History

United Kingdom
- Name: Esso Northumbria
- Owner: Esso
- Port of registry: London
- Builder: Swan Hunter, Wallsend
- Launched: 2 May 1969
- Sponsored by: Princess Anne
- Completed: 14 May 1970
- Identification: IMO number: 6917530; Call sign: GZJE;
- Nickname(s): "Big Geordie"
- Fate: Scrapped in Taiwan in 1982

General characteristics
- Type: Oil tanker
- Tonnage: 126,543 GRT; 254,277 DWT;
- Length: 348.5 m (1,143 ft 4 in) o/a; 330.7 m (1,085 ft 0 in) p/p;
- Beam: 51.9 m (170 ft 3 in)
- Depth: 25.6 m (84 ft 0 in)
- Propulsion: 2 × Associated Electrical Industries steam turbines, 32,000 shp (24,000 kW), single screw
- Speed: 16 knots (30 km/h; 18 mph)

= Esso Northumbria =

British crude oil tanker

== History ==
Esso Northumbria was the first of a series of Very Large Crude Carrier ships, built by Swan Hunter at Wallsend on Tyneside, in 1969. When launched on 2 May 1969 by Princess Anne it was the largest vessel to have been built in the United Kingdom at the time.
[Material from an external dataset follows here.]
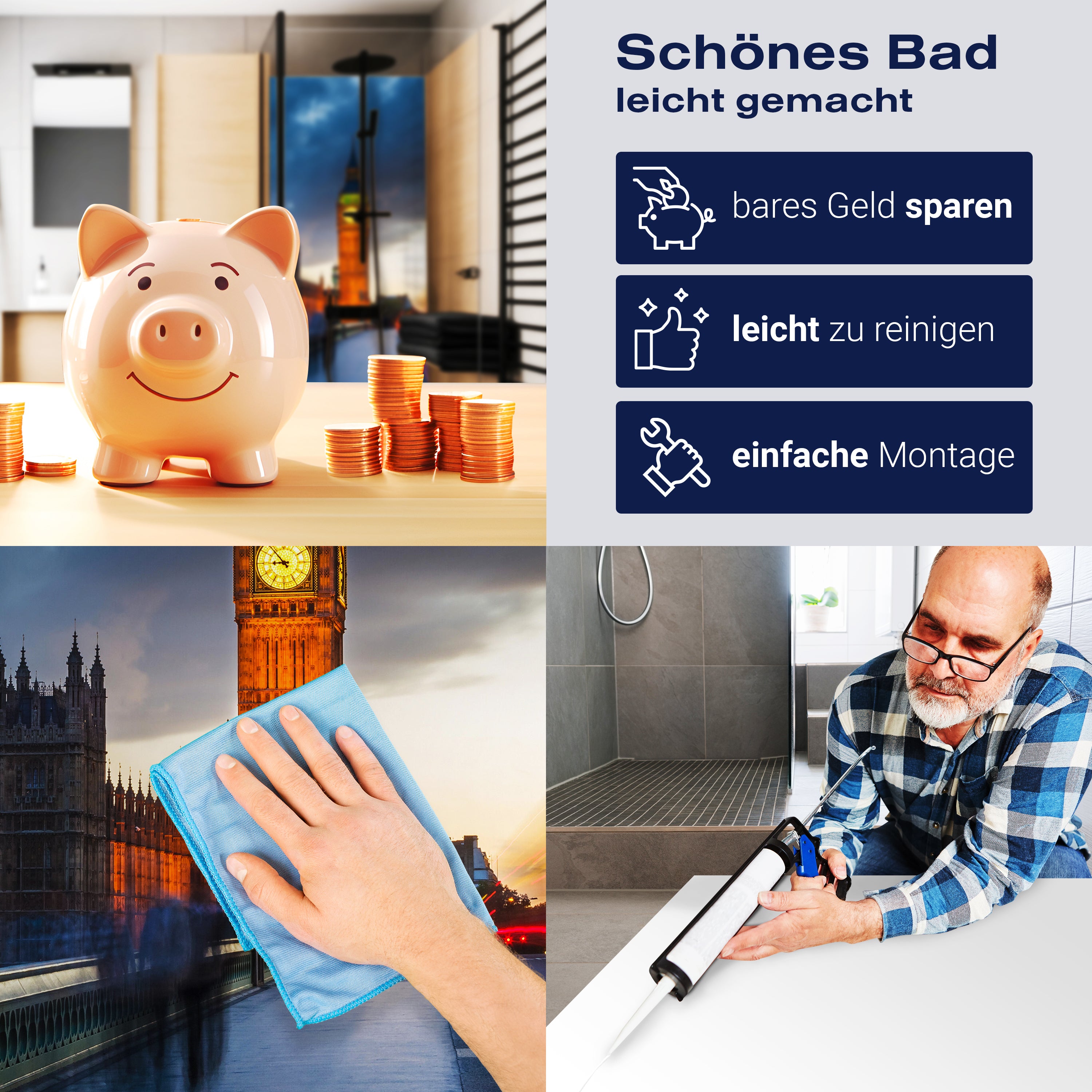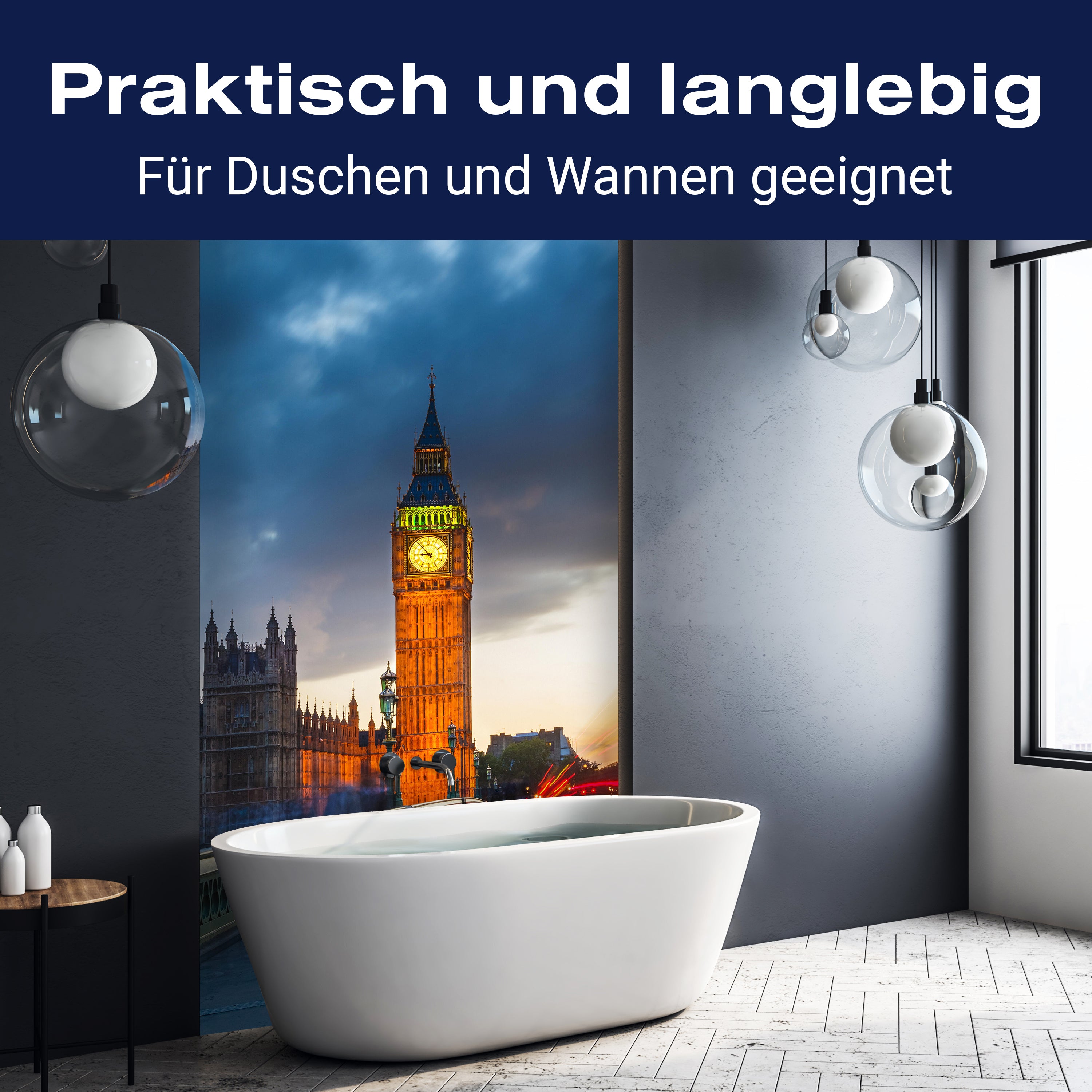 Bist du es leid, auf die langweiligen, schwer zu reinigende Fliesen in deiner Dusche zu schauen? Stell dir vor, wie dein Bad mit einer stilvollen, modernen Rückwand zum Leben erwacht! Unsere Duschwand 'Big Ben bei Nacht' ist nicht nur ein optisches Highlight, sondern auch praktisch und pflegeleicht.

The ship was designed to carry crude oil from the Persian Gulf, and its large design was a result of the Six Day War, which had resulted in the closing of the Suez Canal. The ship was single-hulled and was designed with relatively limited knowledge of the behaviours of such large structures at sea, being generally a straightforward scaling-up of smaller tanker designs. It was also built to a fixed-price contract at a time when rampant inflation was occurring in Britain. This led to many attempts to cut costs; Swan Hunter ultimately made a loss on the contract. Final cost of the ship's construction were £6.5 million.

The Northumbria was plagued with problems both with its fittings and also, more seriously, with cracking of its hull under stress. The ship needed many repairs throughout its short working lifetime and this, together with fears of a major oil spill, prompted its retirement in 1982 after only 12 years in service. The ship was sailed on its final voyage to Taiwan, where it was broken up for scrap at Kaohsiung. A similar fate befell the Northumbria's sister ship, Esso Hibernia, which was also built on Tyneside and launched in 1970.

== In popular culture ==
The launching of the Northumbria was a major local media event at the time. In 2019, the Canadian folk band The Dreadnoughts released a song called Roll Northumbria, dedicated to the ship which describes an exaggerated account of the Northumbria's short and unfortunate service.